Although dark matter is invisible because it does not absorb, emit, or reflect light, it was discovered after scientists noticed that galaxies move as if they are influenced by gravity.
Dark matter interacts with normal matter through gravity. It is also responsible for the rotation speeds of spiral galaxies.Their presence can explain why outer parts of spiral galaxies rotate more quickly than would be expected if only the visible normal matter is present.
Dark Matter In The Early Universe
In the new study of early galaxies published in journal Nature, researchers observed that the galaxies' outer regions spin slower than the central regions, which is unlike the characteristics of galaxies in modern universe. This means that there is less dark matter present than expected and that dark matter played a minor role in the early universe.
Reinhard Genzel, from the Max Planck Institute for Extraterrestrial Physics in Germany, and colleagues used instruments at the Very Large Telescope in Chile to measure the rotation of six massive galaxies from the early universe during the peak of galaxy formation about 10 billion years ago.
The researchers analyzed the formation of the galaxies to determine how much dark matter they possessed. The results revealed that unlike the spiral galaxies in the modern universe, the outer regions of the distant galaxies appear to rotate more slowly compared with regions that are closer to their core, which suggests that these is less dark matter in these galaxies.
Genzel said that most of the early massive galaxies were found to be dominated by normal matter.
The effective radius, or the bright region where half of the light of galaxies emanate, of the Milky Way and other typical galaxies in the modern day universe is between 50 and 80 percent dark matter.

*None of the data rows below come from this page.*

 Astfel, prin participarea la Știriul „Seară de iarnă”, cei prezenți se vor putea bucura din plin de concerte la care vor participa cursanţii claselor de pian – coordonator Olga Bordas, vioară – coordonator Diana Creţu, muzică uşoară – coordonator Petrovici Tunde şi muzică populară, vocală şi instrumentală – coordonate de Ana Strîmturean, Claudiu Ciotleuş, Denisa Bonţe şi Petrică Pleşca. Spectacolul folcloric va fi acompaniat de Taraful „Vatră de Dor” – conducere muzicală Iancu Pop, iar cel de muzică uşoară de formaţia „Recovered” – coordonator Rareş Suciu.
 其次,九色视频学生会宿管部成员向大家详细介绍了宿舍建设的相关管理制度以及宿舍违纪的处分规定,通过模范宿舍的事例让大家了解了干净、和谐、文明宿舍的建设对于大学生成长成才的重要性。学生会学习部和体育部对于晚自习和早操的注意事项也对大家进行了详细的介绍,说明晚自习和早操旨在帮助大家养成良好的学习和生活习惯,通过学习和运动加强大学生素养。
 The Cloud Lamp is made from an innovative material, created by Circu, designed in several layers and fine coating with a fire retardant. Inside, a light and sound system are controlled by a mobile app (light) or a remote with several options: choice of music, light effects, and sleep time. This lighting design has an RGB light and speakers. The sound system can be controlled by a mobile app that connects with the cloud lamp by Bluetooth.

In half of the galaxies in the early universe that the researchers observed, dark matter only composed 10 percent and even less of the effective radius of the early galaxies.
The researchers suggest that between 3 and 4 billion years after the Big Bang, the gas present in the galaxies condensed into flat, rotating disks and the dark matter halos that surround them were much larger and more spread out.

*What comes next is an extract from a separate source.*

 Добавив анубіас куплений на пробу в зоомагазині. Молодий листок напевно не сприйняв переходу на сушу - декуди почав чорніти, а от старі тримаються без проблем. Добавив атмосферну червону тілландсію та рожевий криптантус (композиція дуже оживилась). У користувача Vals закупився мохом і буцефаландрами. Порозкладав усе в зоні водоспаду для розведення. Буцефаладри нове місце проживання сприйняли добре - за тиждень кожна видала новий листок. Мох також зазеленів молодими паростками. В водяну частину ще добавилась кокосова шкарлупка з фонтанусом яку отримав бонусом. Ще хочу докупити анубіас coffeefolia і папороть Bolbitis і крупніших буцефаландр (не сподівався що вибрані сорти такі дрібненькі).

It likely took billions of years longer for the condensation of dark matter to occur, which can help explain why its dominant effect is only observed on the velocity at which galaxy disks rotate today. The explanation does well with observations that show early galaxies were much more compact and gas-rich compared with today's galaxies.
"The observations suggest that baryons in the early Universe efficiently condensed at the centres of dark matter halos when gas fractions were high, and dark matter was less concentrated," researchers wrote in their study.